#### EXERCISE:
Nothing after the line with "Dit schoudertasje is" belongs in the copy; extract the lines below from the top through that line, pictures left out.

*** EXCERPTED RECORDS ***

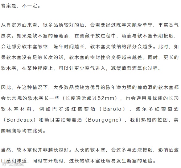 软木塞越长,酒的品质越高,酒越好喝吗?
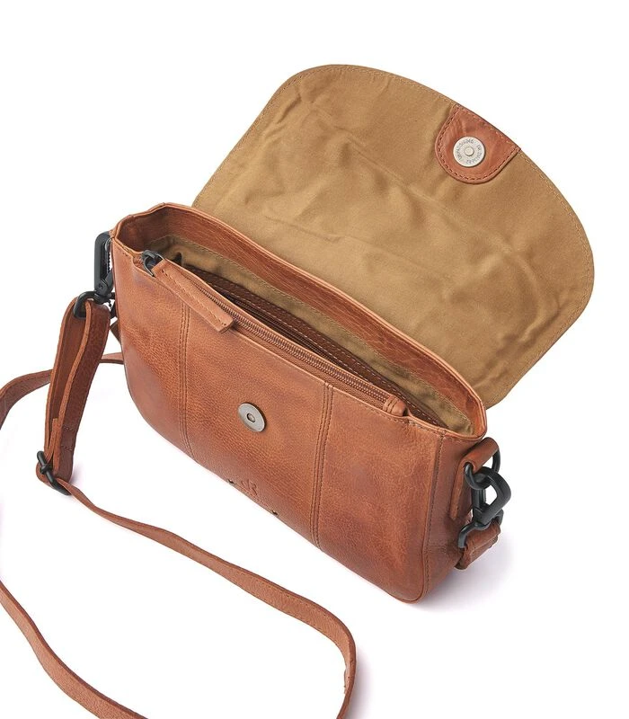 Dit schoudertasje is gemaakt van zacht rundleder en beschikt over een afneembare en verstelbare schouderband. Het opbergvak wordt afgesloten met een overslag met magneetsluiting. Hieronder bevinden zich twee ritsvakken, een speciaal vak voor je telefoon en een sleutelhanger. De achterzijde heeft ook een ritsvak.
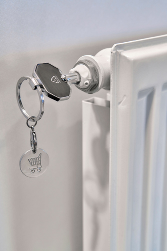 Recycled zinc alloy keychain for bleeding radiators, with a shopping trolley coin (euro).
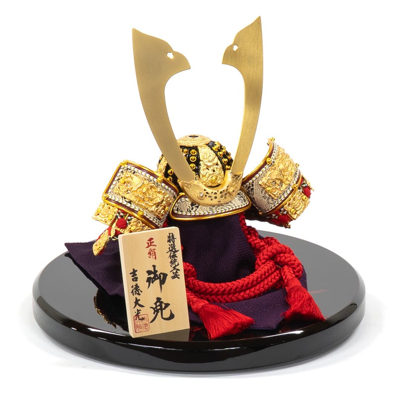 ■コンパクトサイズながらも迫力を感じられる兜飾り。
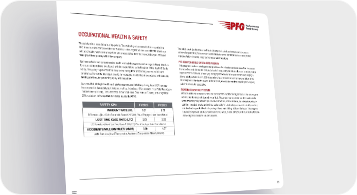 25 OCCUPATIONAL HEALTH & SAFETY The safety of our associates is a top priority. The wellbeing of everyone that forms part of the PFG team is a vital component for our success. In this regard, we are committed to providing a safe and healthy work environment for all our associates, from the moment they join PFG and throughout their journey within the company. We have established comprehensive health and safety programs and an organizational structure to ensure all operations are aligned with the expectations set forth within PFG’s Health & Safety Policy. This policy is provided to all associates during their onboarding process at PFG and establishes the norms and requirements for managing all activities in accordance with safe and healthy practices for preventing injury and loss of life. As a result of strategic health and safety programs and initiatives, during fiscal 2021 we saw improvement in key safety performance metrics, including a 3% reduction in our Total Recordable Incident Rate (IR Rate), 12% decrease in our Lost-Time Case Rate (LTC Rate), and a significant 20% reduction in transportation-related accidents (AMM). The safety strategies that have contributed to improved safety performance encompass a variety of approaches, from behavior-based safety to hazard identification and control, to the implementation of cutting-edge technological safety solutions. PFG BEHAVIOR-BASED SAFETY (BBS) PROGRAM This program creates a safety partnership between team leaders and associates that focuses on the reduction and elimination of risky behavior through targeted observation and coaching. Safety improvement is achieved primarily by changing the behavior of associates and encouraging a strong safety culture. Over 4,000 observations have occurred since the implementation of the BBS Program in the fourth quarter of fiscal 2021, allowing for real-time coaching and ongoing safety feedback for associates. SAMSARA TELEMATICS PROGRAM We have installed on-board smart dash cameras that monitor driving behavior in the delivery and service maintenance vehicles within our fleet. These dash cams provide real-time audio alerts when detecting risky behavior (i.e. in-cab distractions, critical distance, lane departure, etc.). In addition, recorded events and metrics captured by this technology are used to identify coaching and feedback opportunities for improving drivers’ safe driving skills and behavior. This program has led to improved safety behavior behind the wheel, a core component for our journey towards achieving zero collisions and zero injuries. SAFETY KPIs FY2020 FY2021 INCIDENT RATE (IR) 7.01 6.78 IR Formula: =(No. of Osha Recordable Cases X 200,000) / No. of Employee Labor Hours Worked LOST TIME CASE RATE (LTC) 2.61 2.29 LTC Formula: =(No. of Lost Time Cases X 200,000) / No. of Employee Labor Hours Worked ACCIDENTS/MILLION MILES (AMM) 5.99 4.77 AMM Formula: =(No. of Transportation Accidents / (Transportation Miles/1,000,000)

*** End of EXCERPTED RECORDS ***

#### OUTPUT OF THE TASK:
 软木塞越长,酒的品质越高,酒越好喝吗?
 Dit schoudertasje is gemaakt van zacht rundleder en beschikt over een afneembare en verstelbare schouderband. Het opbergvak wordt afgesloten met een overslag met magneetsluiting. Hieronder bevinden zich twee ritsvakken, een speciaal vak voor je telefoon en een sleutelhanger. De achterzijde heeft ook een ritsvak.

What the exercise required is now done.